Jun 07 2017
Patient-Centered Care

For PTSD Care, Technology Options on the Rise

From artificial intelligence and wearables to virtual reality, providers are testing more tools to treat patients.

The National Center for PTSD estimates that about 8 million adults suffer from post-traumatic stress disorder annually. Many of those individuals, it notes separately, also reside in remote areas with limited access to care, which can be mentally and financially burdensome in terms of treatment.

To that end, technology’s role in ensuring those suffering from PTSD receive the care they need continues to grow. Telemedicine through videoconferencing technology is one of the more common ways for providers to care for their patients, but it is by no means the only modality. In fact, artificial intelligence (AI), virtual reality and wearables are also being deployed to help treat these individuals.

Pushing Personalization Through AI

In May, digital health company Tiatros, which focuses on creating digital tools to improve behavioral care, started using IBM Watson Health Personality Insights and Watson Tone Analyzer application programming interfaces to support its programs, which connect veterans in an online social network setting with their peers. The platform aims to personalize therapies to patients using Watson APIs.

Last month, IBM announced that those Watson-powered programs achieved up to a 73 percent completion rate. That’s crucial because, while researchers estimate that up to 80 percent of veterans can recover from PTSD following completion of treatment programs, less than 10 percent follow through in the first year after being diagnosed.

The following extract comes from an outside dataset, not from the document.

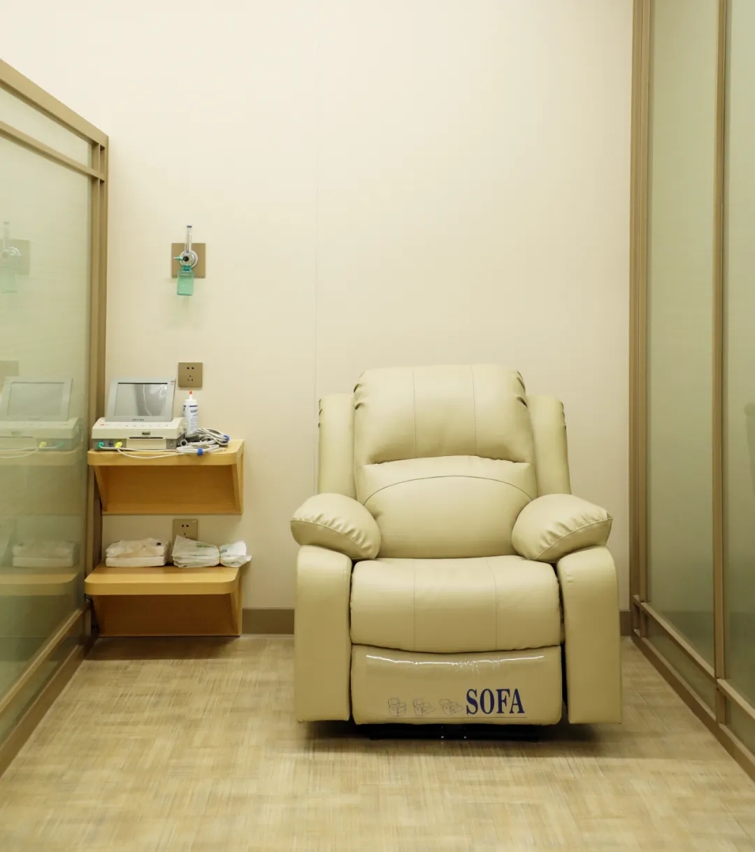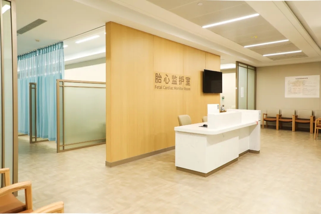 二楼的产科门诊大厅,用落地窗将户外的绿意和阳光铺陈开来,表现公共空间的开放性,而胎心监护室通过围帘和磨砂玻璃创造边界感。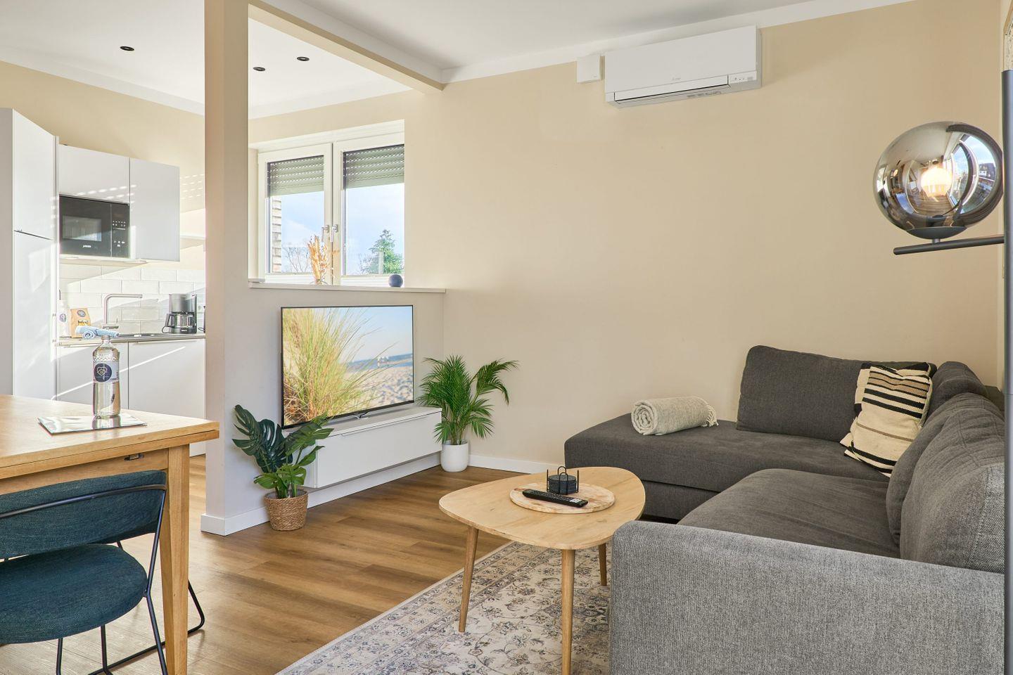 Die Ferienwohnung Sun Deck in Scharbeutz bietet auf 100 qm viel Platz und eine exklusive Ausstattung für bis zu 8 Personen – ideal für Familien und Freundesgruppen, die Wert auf Komfort und Erholung legen. Der großzügige geschmackvoll eingerichtete Wohnbereich mit einer großen, bequemen Schlafcouch (140x200 cm) lädt zum Entspannen ein und lässt sich leicht in ein zusätzliches Bett verwandeln. Ein 50-Zoll-Smart-TV sorgt für Unterhaltung. Der angrenzende Essbereich mit einem großen Tisch bietet viel Platz für gemeinsame Mahlzeiten und gemütliche Abende.

“We are hopeful about the promise that AI tools hold to help us personalize how we care for veterans with PTSD, and scale our ability to provide successful interventions,” Dr. Kim Norman, a professor at the University of California, San Francisco School of Medicine who studies scalable programs for behavioral health, said in the IBM press release. “We want to transform how we deliver care to them, delivering personalized, relevant content for each individual and using AI technologies to make this possible.”

Meanwhile, researchers at New York University’s Langone Medical Center are working toward diagnosing PTSD using smartphones and machine learning, MIT Technology Review reported earlier this year. Dr. Charles Marmar is analyzing voice samples from veterans recorded on wearables and phones using machine learning to identify vocal cues for disease biomarkers.

Smartwatch Monitoring Passively Collects Data

At Texas A&M University, researchers at the Department of Industrial and Systems Engineering, School of Public Health and College of Medicine are designing a system that uses sensor-enabled wearable technologies to monitor PTSD patients remotely, outside of a clinical setting, says Dr. Farzan Sasangohar, an assistant professor at the institution.

“User engagement is a general limitation of current remote health technologies including current PTSD mHealth apps,” Sasangohar says. “They do not provide a closed loop, so no information is being sent to the clinician.”

In contrast, the new system in development will passively gather user data via smartwatches and smartphones and automatically send it to clinicians.

“This kind of technology has the prospect of saving millions of lives,” Sasangohar says. “It really paves the way for affordable solutions to improve the quality of care, patient safety and help patients with mental disorders in general.”

Virtual Reality to Immerse Patients

At the University of Southern California’s Institute of Creative Technologies, Dr. Albert “Skip” Rizzo helps patients to undergo exposure therapy through the use of virtual reality.

Rizzo, ABC News reports, created a program in which patients are immersed in one of 14 virtual worlds that can be customized based on their experiences. While he says the technology can’t exactly duplicate a patient’s experience, it comes pretty close.

My mission is to drag psychology kicking and screaming into the 21st century,” Rizzo says.